Task statement:
Transcribe exactly, leaving out pictures, the lines from the one that holds "Wood pellets are" through the end of the data below, including both end lines and no others.

Input data:
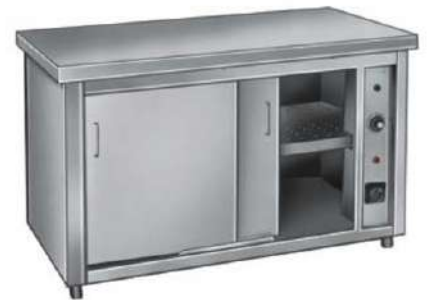
HOT FOOD PICKUP COUNTER SIZE : CUSTOMIZED (DIE-169)
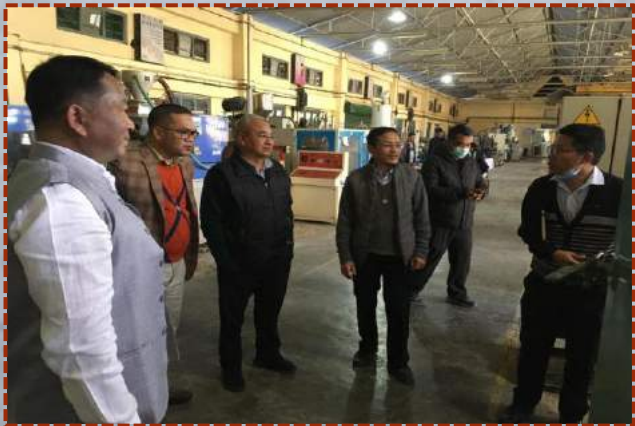
Deputy Director of Social Welfare Department, Govt. of Manipur visited Imphal centre on 4 th December, 2023.
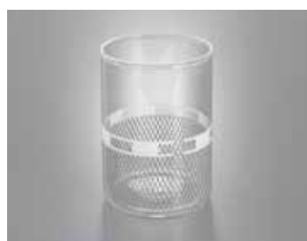
Elmasolvex® SE with wide range of accessories
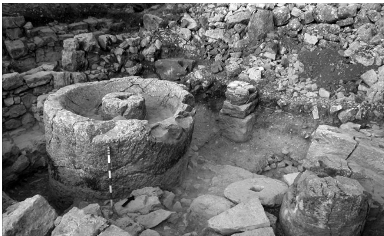
Fig. 6. Oil press E.III. Trapetum seen on the left
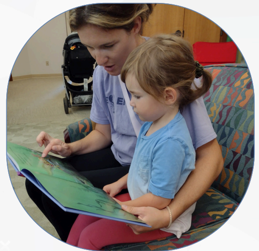
Sharing a Story in the Library.
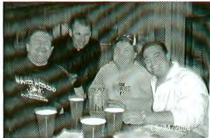
"The Red Cups Are Coming, The Red Cups Are Coming!"
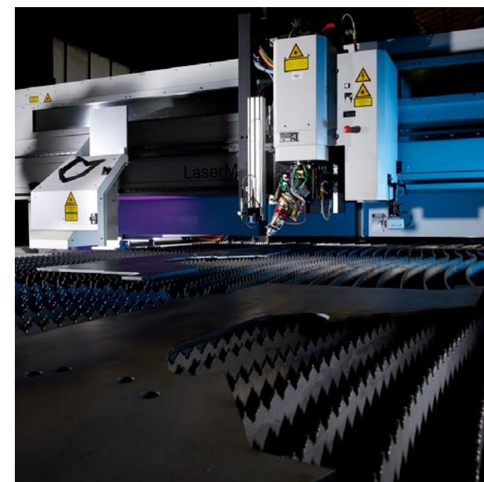
Now available: Large laser cutting up to 20m long x 3.2m wide x 20mm thick with bevel capability of up to 45 degrees!

In addition, MTL house one of the largest waterjet machines in the country, with a 12m x 3m bed which complements our current set up in Blackburn. Its 2 high definition plasma cutters can cut profiles up to 25m x 5m with bevel capability to 40 degrees, and they've also got a tube cutter which can cut up to 1000mm dia. and 40mm thickness.
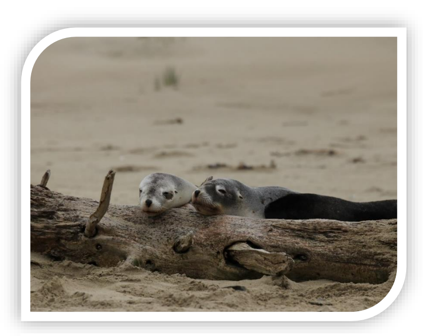
Seals at Catlins

The Conservation Act requires Conservation Boards to provide the New Zealand Conservation Authority with an annual report as soon as practical after 30 June each year. In recognition of this requirement the Otago Conservation Board submits this twentieth annual report.
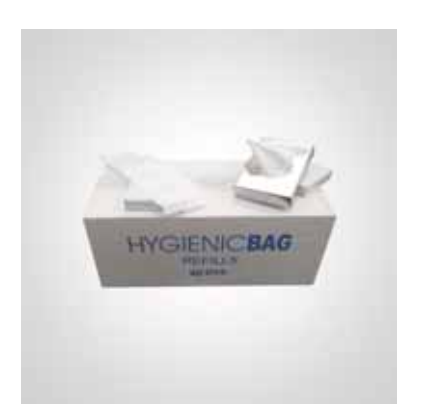
BC288A DOLPHIN SANIBAG BOXES
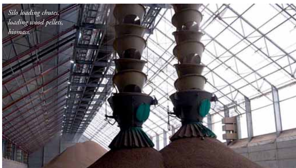
Silo loading chutes, loading wood pellets, biomass.

Wood pellets are also brittle and need careful handling to prevent material degradation during transportation. Poor handling equipment during transportation can not only damage the product but also create unwelcome air born dust pollution. When flowing, the material also carries some explosion risk and
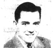
WILLIAM S. BROOMFIELD State Senator—12th District

Donald S. Leonard offers a program of action for Michigan. 1. By the summer of 1955, work must start on a huge new highway construction program. 2. During the 1955 legislative session, development of an adequate school program. 3. The immediate creation of an over-all Seaway Planning Commission to integrate all planning for the St. Lawrence Seaway in Michigan. 4. An over-all examination of the tax structure to keep the budget in balance without new taxes. And Don Leonard, working with your Legislators will get this job done!
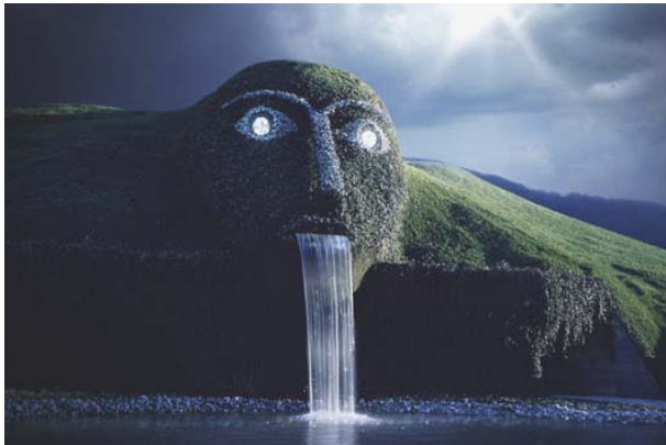
Swarovski Crystal World

„I would recommend the program, because it allows to understand Europe, its history and economy.“

Your response:
Wood pellets are also brittle and need careful handling to prevent material degradation during transportation. Poor handling equipment during transportation can not only damage the product but also create unwelcome air born dust pollution. When flowing, the material also carries some explosion risk and
WILLIAM S. BROOMFIELD State Senator—12th District

Donald S. Leonard offers a program of action for Michigan. 1. By the summer of 1955, work must start on a huge new highway construction program. 2. During the 1955 legislative session, development of an adequate school program. 3. The immediate creation of an over-all Seaway Planning Commission to integrate all planning for the St. Lawrence Seaway in Michigan. 4. An over-all examination of the tax structure to keep the budget in balance without new taxes. And Don Leonard, working with your Legislators will get this job done!
Swarovski Crystal World

„I would recommend the program, because it allows to understand Europe, its history and economy.“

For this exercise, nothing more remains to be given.